:: Work item ::
Restate every entry verbatim; drop the pictures.

**** Material provided ****

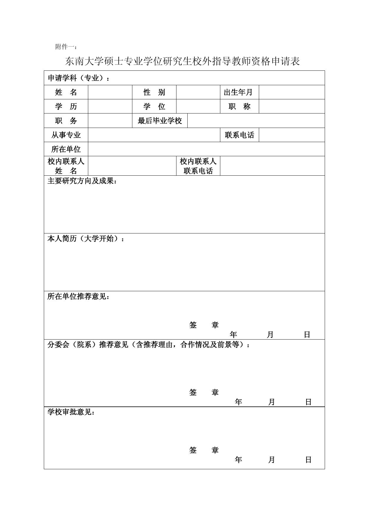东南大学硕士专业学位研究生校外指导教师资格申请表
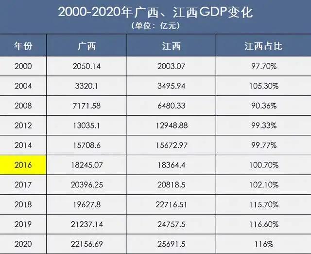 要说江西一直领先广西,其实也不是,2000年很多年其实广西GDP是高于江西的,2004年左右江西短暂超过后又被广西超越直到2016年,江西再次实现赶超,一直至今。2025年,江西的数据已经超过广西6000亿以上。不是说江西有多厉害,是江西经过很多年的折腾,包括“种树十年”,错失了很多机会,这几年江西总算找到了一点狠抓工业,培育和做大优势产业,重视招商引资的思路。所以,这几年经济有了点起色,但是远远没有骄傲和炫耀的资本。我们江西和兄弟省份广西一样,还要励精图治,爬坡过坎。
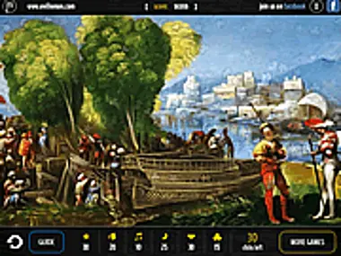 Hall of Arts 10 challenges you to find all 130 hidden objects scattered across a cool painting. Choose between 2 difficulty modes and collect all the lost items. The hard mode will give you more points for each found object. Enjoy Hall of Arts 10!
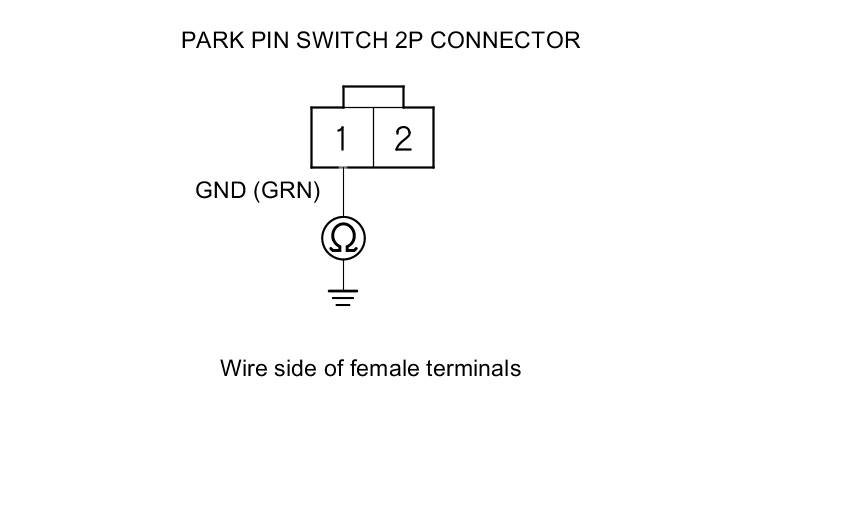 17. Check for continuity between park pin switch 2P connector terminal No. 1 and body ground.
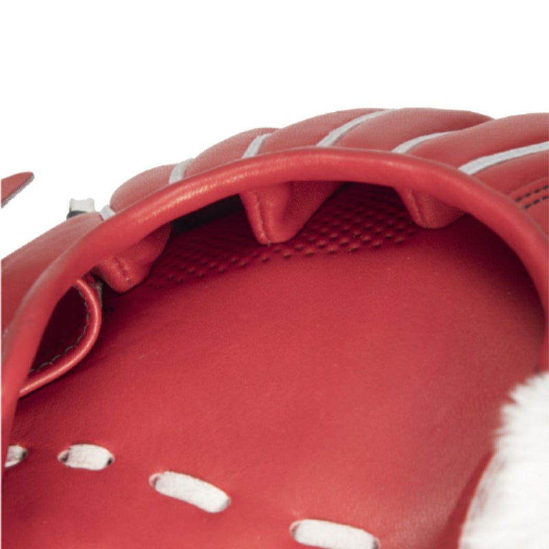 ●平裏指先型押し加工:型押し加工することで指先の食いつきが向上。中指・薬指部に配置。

****

:: Solution for this exercise ::
东南大学硕士专业学位研究生校外指导教师资格申请表
 要说江西一直领先广西,其实也不是,2000年很多年其实广西GDP是高于江西的,2004年左右江西短暂超过后又被广西超越直到2016年,江西再次实现赶超,一直至今。2025年,江西的数据已经超过广西6000亿以上。不是说江西有多厉害,是江西经过很多年的折腾,包括“种树十年”,错失了很多机会,这几年江西总算找到了一点狠抓工业,培育和做大优势产业,重视招商引资的思路。所以,这几年经济有了点起色,但是远远没有骄傲和炫耀的资本。我们江西和兄弟省份广西一样,还要励精图治,爬坡过坎。
 Hall of Arts 10 challenges you to find all 130 hidden objects scattered across a cool painting. Choose between 2 difficulty modes and collect all the lost items. The hard mode will give you more points for each found object. Enjoy Hall of Arts 10!
 17. Check for continuity between park pin switch 2P connector terminal No. 1 and body ground.
 ●平裏指先型押し加工:型押し加工することで指先の食いつきが向上。中指・薬指部に配置。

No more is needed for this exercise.